- Kategori
- Anılar
Mehmetçik tepe
Geçenlerde emekliye ayrılmış bir uzman çavuşum beni facebook vasıtası ile buldu. Uzun uzun sohbet ettik ve tabii ki söz dönüp dolaşıp güneydoğuya geldi. Bana söylediği tek bir söz, bir operasyonu baştan aşağıya gözümün önünden geçirdi. Bana dedi ki "Helalleşip, birbirimize mirasımızı anlattığımız operasyonu hatırlıyor musunuz ? "
Hiç unutabilir miyim o bölgede saymamakla beraber 200 civarında operasyona çıkmışımdır. Sadece ikisinde helalleşip çıktım. 1997 senesindeki Mehmetçik tepe operasyonu ilk helalleştiğim operasyondu. Neden mi?
Çünkü; Mehmetçik tepe Kuzey Irak'ın 13-16 km. içerisinde, bulunduğu bölgede kilit öneme haiz, sarp testere dişine benzer kayalıklardan oluşan bir bloktur. Daha önceki yıllarda, bir operasyonda 30'a yakın askerin şehit olduğu bu yüzden adının Mehmetçik tepe konduğu bir tepedir Mehmetçik tepe. Arazinin sarp olmasına bir de mevzii de bekleyen teröristin üstüne gittiğinizi, onun hakimde (yüksekte) sizin mahkumda(alçakta) olduğunu eklerseniz operasyonun zorluğu anlaşılır.
Mehmetçik tepe ye çok sarp bir yoldan 8-10 saatlik bir tırmanışla çıkabilecektik. Arazi en fazla 5-10 kişinin yan yana açılarak yürümesine izin veriyordu. Bu yüzden tepe ye ben dahil 8 kişi çıkacaktık tabii ki arkamızda 350 kişilik bir tabur vardı ama arazi itibariyle çatışmaya girecek, çatışabilecek sayı 8 di. Onun için 6 asker, bana bu operasyonu hatırlatan Uzman çavuşum ve ben toplam 8 kişi sırt çantalarımızı bıraktık ve arkadan gelen diğer askerlere verdik.

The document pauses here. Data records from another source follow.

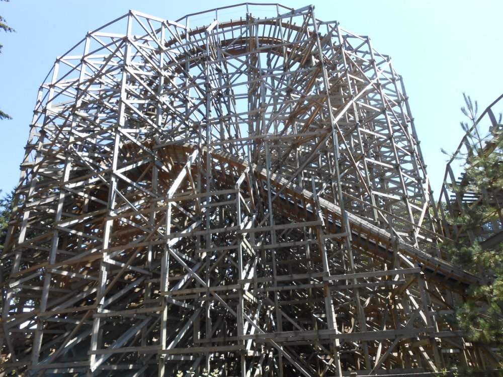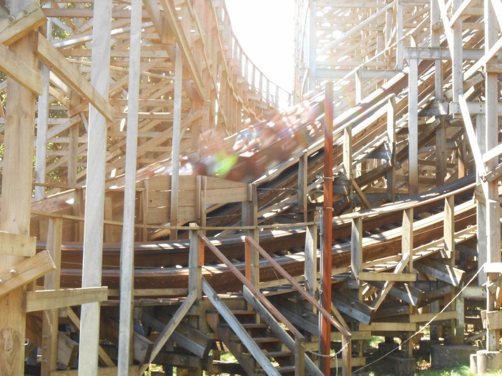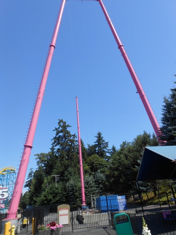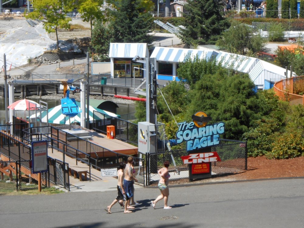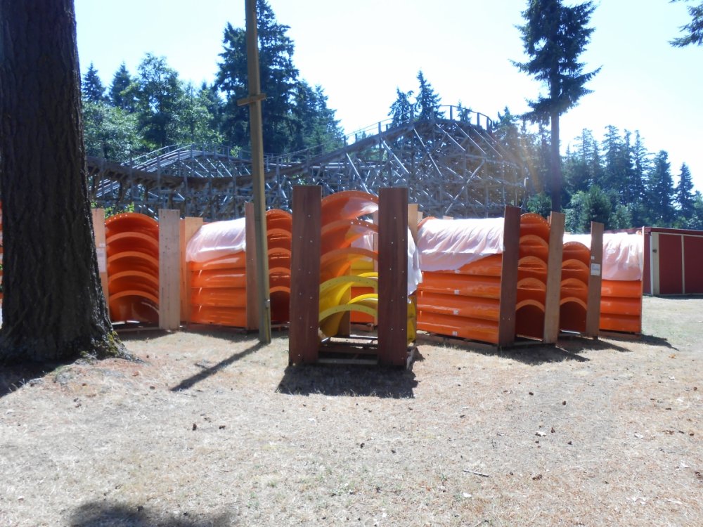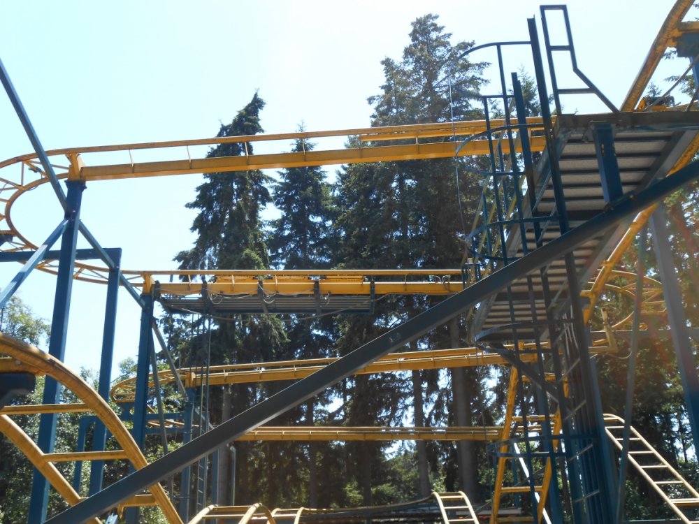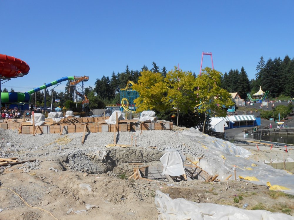 3. Photos part 2: The adult pool area. They've taken down the zip line that you drop from, and have also closed off access to one of the slides. More of the previous picture. 2 slides that let you rocket out of. Talk about an atomic wedgie. My camera is too slow. :C Area of the entrance, and then another water ride just behind. It's a nice lounging ride that spills you into multiple areas, eventually leading you to the end. Final splashdown. This area has always been clear-cut. There's potential for a few rides or even a coaster, but it still lays barren. From the hill looking out to Mud Lake. Higher up on the same hill. And I'm flying hiiiiiigh... Heh heh. Thought this guy was hilarious. Not sure why. CONSTRUCTION PHOTOS! Nerdy stuff, oooh. We got pipes! 3 slides confirmed! Twisty. Confirmed Plants vs Zombies 3! More water slide pieces gather just behind the pirate ship ride. Yeah there's quite a collection over here. Another good view of the plot going on. It's time for Timberhawk Ride of Prey! A decent lift speed, gets you up there in about 10 seconds. Very smooth ride for a woodie. Loading station. View from the blank hill. The loading station is pretty basic. Arms up in the air makes all happy campers. I'm next! Another view of the station. This area here provides a good head chopper illusion. 2 trains run consistently, so the wait time ain't that all terrible. On a real busy day, you wouldn't wait any more than 20 minutes. For those who have a hard on for hard wood structural construction. Timberhawk has always been a photogenic ride. The first drop has got a great roar to it with the forest surrounding the area. PRAISE THE COASTER! Mmm oh yes. Wild Thing! Taking on the first corkscrew. There's a positive and a negative to this ride. Positive: Riders get to go twice in a row. Negative: Only 1 train, thus long line wait time. This coaster recently got a new paint job about 2 years back. Use to be green tracks. THROUGH THE TREES! It really is quite a photogenic ride from a distance. With the new slide open, so has the path extended to get more footage of the backside of Wild Thing. Getting ready for the loop. Scream on past the station! UP-SIDE-DOWN! Nerd shots! This should have a NSFW label. Station shot. A little closer up to the first drop. You do get rather close to the track.
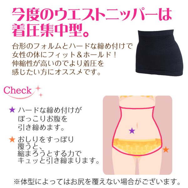 「瞬コル ウエストニッパーSP」:ウエストとヒップ上部を補正する着圧がハードな女性用インナーです。
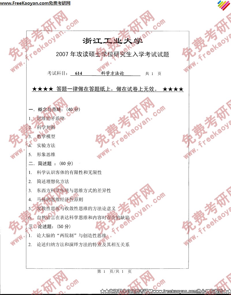 浙江工业大学2007年考研真题-科学方法论
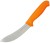 Изогнутая рукоятка ножа изготовленная из термопластичной резины (TPE). Нескользящая поверхность. Защита для пальцев. Шведская нержавеющая сталь 10C28Mo2, твердость 56.5 HRC.
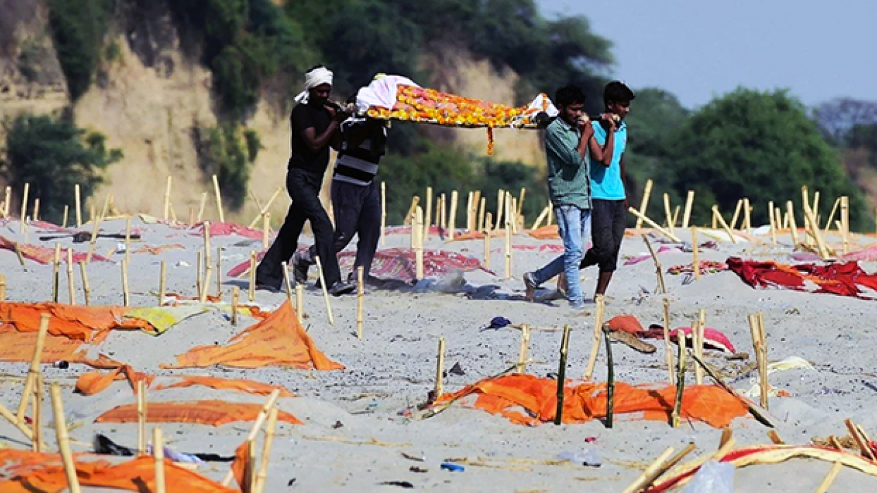 Hindistan'da ölüler, krematoryumların rekor sayılara yetişememesi nedeniyle açık alanda yakılıyor. Ülkenin kuzeyindeki köylülerin ise üçe katlanarak 15 bin rupi (yaklaşık 1730 TL) gibi fahiş fiyatlara ulaşan cenaze masraflarını karşılayamadıkları ve odun almaya bile paraları yetmediği için ölülerini Ganj Nehri'ne bıraktığı belirtiliyor.

Hepimiz çelik yelek kuşandık. Büyük bir çatışma beklediğimiz için, hepimiz diğer tim lerin çelik yeleklerinide alarak çelik yelek giydik. Hava kararmak üzereydi ve az sonra harekete başlayacak ve sabahın ilk ışıklarında hedefimize çıkacak veya çatışmaya girecektik. Uzman çavuşum yanıma geldi ve"Umarım bu batan güneşin doğuşunu da görebiliriz" dedi. "umarım görebiliriz güneşin doğuşunu "dedim. Tepeye çıkacak 8 kişinin hepsinin doğan güneşi görebileceğinden emin değildim. İşte o an , orada helalleştik. Güneşin doğuşunu göremeyecek olursak yarım kalan sözlerimizi kalanlara iletmemiz için birbirimize miras bıraktık.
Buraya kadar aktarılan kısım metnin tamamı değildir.